Im going to get a hold of my mom today and talk to her about putting an offer on monday. At least that would give a couple days till thursday and who knows what can happen. uhg, im just being REALLY hopefull about this.


----------



## travlingypsy (Apr 5, 2008)

Mini update: So we found out the owners are leasing the property to a guy. So they dont have to pay mortgage on 2 properties. Not sure what house he is using right now. But I guess its livable... Im thinking hes cleaning up the place to. At least i hope so. Um my mom wants to keep his lease (if we buy it) that way we still wont have to pay money out of our pocket, the rent will already be paid! And with that extra money saved we can get it fixed up quicker before next summer and have the vacation rentals. But she doeant want to put in an offer until thursday, which I guess is good. I'm trying VERY hard to keep my mind off it so the week will go by fast. :C


----------



## Icrazyaboutu (Jul 17, 2009)

travlingypsy said:


> Iridehorses- Oh, hmmm. Well now im just going to be *burning my bitches* until thursday to find out for sure about it all. And its only saturday!
> 
> Indy- The town is about 1hr and 20 mins from spokane. Its all deserty out there well mixed with hay crops.  Yeah a home inspection would be nice, thanks for the link to! Did you mean this lil cabin? I have no idea what that is, i didnt even see it on the property(that I can remember). But it does look like a tear down.
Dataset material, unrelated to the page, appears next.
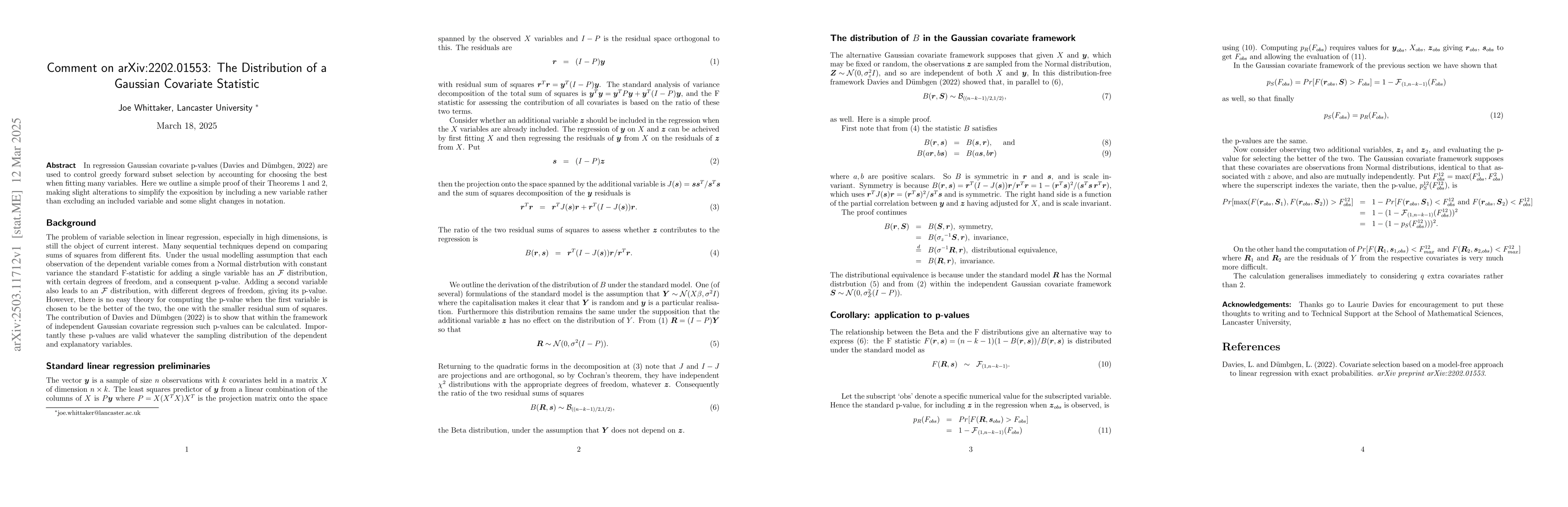 This is a comment on arXiv:2202.01553. In regression Gaussian covariate p-values (Davies and D{\"u}mbgen, arXiv:2202.01553) are used to control greedy forward subset selection by accounting for choosing the best when fitting many variables. Here we outline a simple proof of their Theorems 1 and 2, making alterations to simplify the exposition by including a new variable rather than excluding an included variable and some slight changes in notation.

You mean britches right? that would make a lot more sense. ahaa


----------



## travlingypsy (Apr 5, 2008)

OMG! That is a REALLY bad typo! Ya I ment britches


----------



## churumbeque (Dec 20, 2009)

You have alot to consider. You say you are buying a property, you know the amount, you are waiting for loan approval, but you haven't seen it yet? I can see why it is stressful you have to many unknowns. Ist of all you can get a pre approval to get an idea of how much money you are able to borrow but that doesn't mean you can get a loan for that house. Sometimes you cannot make an offer with out a pre approval so maybe that is what you are waiting for. Just because you have a pre approval you can still get turned down on a loan. The next step would be to make an offer conditional on financing and an inspection. If you are doing government financing the house has to be in good condition or they will not loan money on it. If it needs alot of work your weekly rentals will also be limited. I personally would want something nice to rent if I was taking a week vacation on a lake. 129k for 40 acres and 2 houses sounds very inexpensive so it may need more work than you are prepared to take on. Keep us posted and hope it works out.


----------



## travlingypsy (Apr 5, 2008)

I have seen the property. My mom and I took a whole day trip just to see it. Since its 6hrs from where we live now. 
We are waiting until we get pre-approved for the amount to place the offer. Which will be thursday when we find out the exact amount we can afford. And I really think we can qualify for that size of loan. I mean we have 3 incomes on the application. 2 being me and my moms and my grandma co-singed so we have that extra whatever to make it look good on paper. 

I dont think we would at all be able to do the weekly vacation rentals this summer. It would be next summer after we did the remodels or whatever it needs to make it nice. I think the houses have potential to being nice places. My grandparents actually build houses, and my grandpa is an architech well was. Hes actually got really great credntials so I guess "flipping" and remodels are in the blood and we can always get him to help. 

Im not afraid of the work, and I would look forward to it. So the house isnt my main concern its just the paper work and waiting to find out if/when we can get it. ITS ONLY SUNDAY! AHG.


----------



## churumbeque (Dec 20, 2009)

travlingypsy said:


> Mini update: So we found out the owners are leasing the property to a guy. So they dont have to pay mortgage on 2 properties. Not sure what house he is using right now. But I guess its livable... Im thinking hes cleaning up the place to.:C


 
When you said "I guess it's livible" made me think you hadn't seen it or you would have known if it was livible or not. Of course every one has there own idea what is livible or not.


----------



## travlingypsy (Apr 5, 2008)

I ment by the left over junk the people had piled up in the house. Because I woulnt want to live in their junk and wouldnt really expect a person to pay rent to live in junk. So I guess it was cleared out before he moved in or he had to get it out himself. At least I hope hes getting the stuff out and not letting it stay there.


----------